ARTISTS AND CHELSEA
The presence in Chelsea of many leading artists during
much of the 19th and 20th centuries made up a large part
of Chelsea's renown beyond its borders and its reputation as an artistic and bohemian colony. While artists in
previous centuries were attracted to Chelsea to paint its
riverside and houses, its artistic reputation was created
through its position as one of a handful of places which
saw a concentration of artists' studios when, in the 60
years prior to the First World War, over 1,300 domestic
artists' studios were erected in London as a whole.

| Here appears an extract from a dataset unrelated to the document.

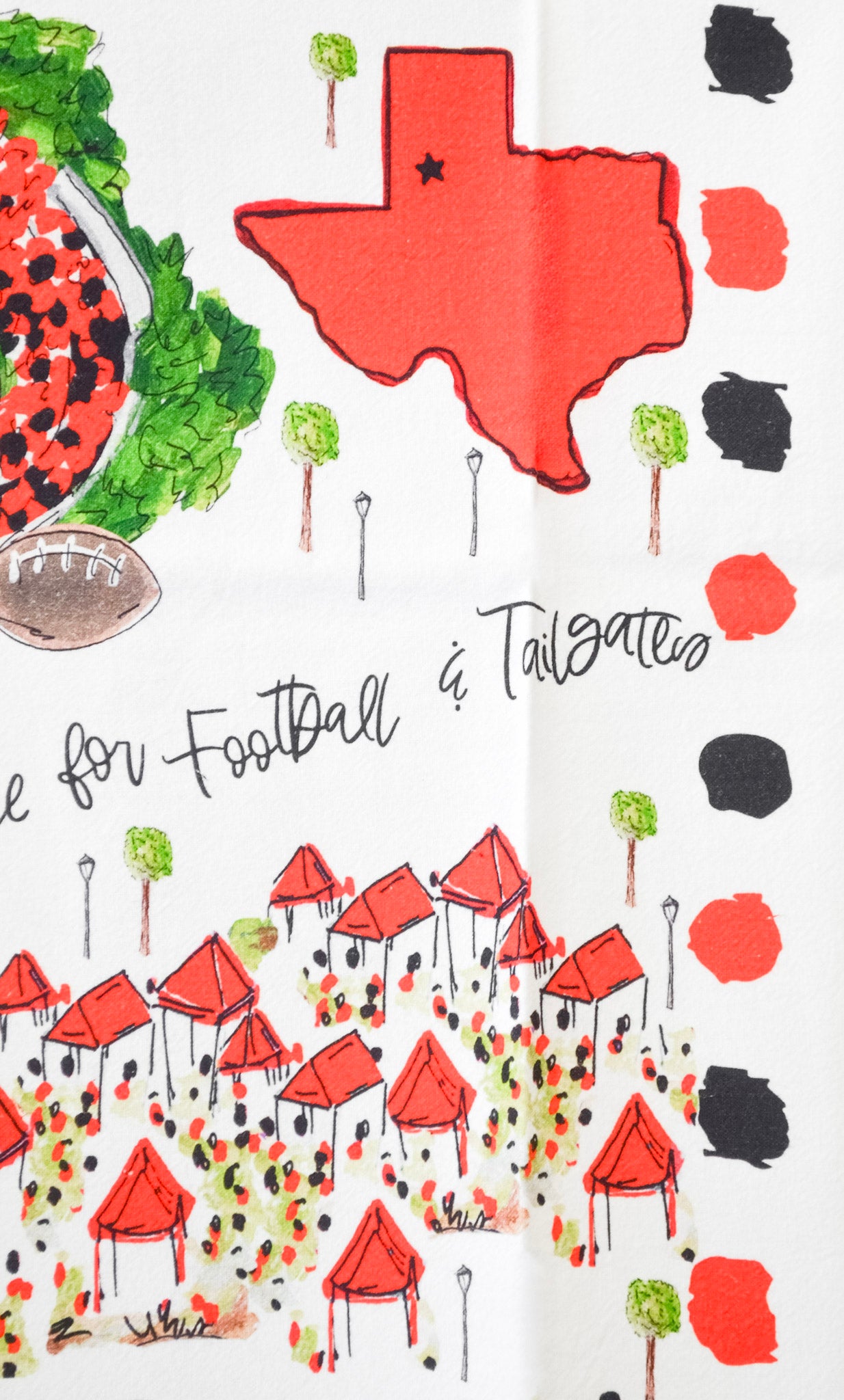 Celebrate Lubbock pride with these charming tea towels, featuring playful script and football motifs scattered across a crisp white background! Perfect for game day gatherings, watch parties, or everyday kitchen use, they're a spirited way to show your Texas Tech love. Whether you're cheering from home or hosting friends, these versatile towels bring fun and flair to any occasion. An ideal gift for the Red Raider in your life who bleeds scarlet and black!

Chelsea was favoured because at the time when the
fashion for large and luxuriously fitted studios
flourished, prompted by the rise of professionalism
among artists, it had sites available for building at
reasonable cost, while still being close to the West End
and the picture-buying public. (fn. 1)
TURNER AND THE RIVERSIDE
Chelsea, like other villages around London, always had
its share of artists living there, attracted by its charm and
its cheapness compared with more fashionable areas
near central London. The most famous of these was
Joseph Mallord William Turner (1775-1851), but the
fame he brought to Chelsea was posthumous, since
hardly anyone knew he was living there. He kept his
house and gallery in Queen Anne Street (St
Marylebone), where he had lived since the end of the
18th century, but when his companion, Mrs Sophia
Booth, moved to London in 1846, they looked for a
house by the river and took a 21-year lease of no. 6
Davis's Place, at the western end of Chelsea's riverside.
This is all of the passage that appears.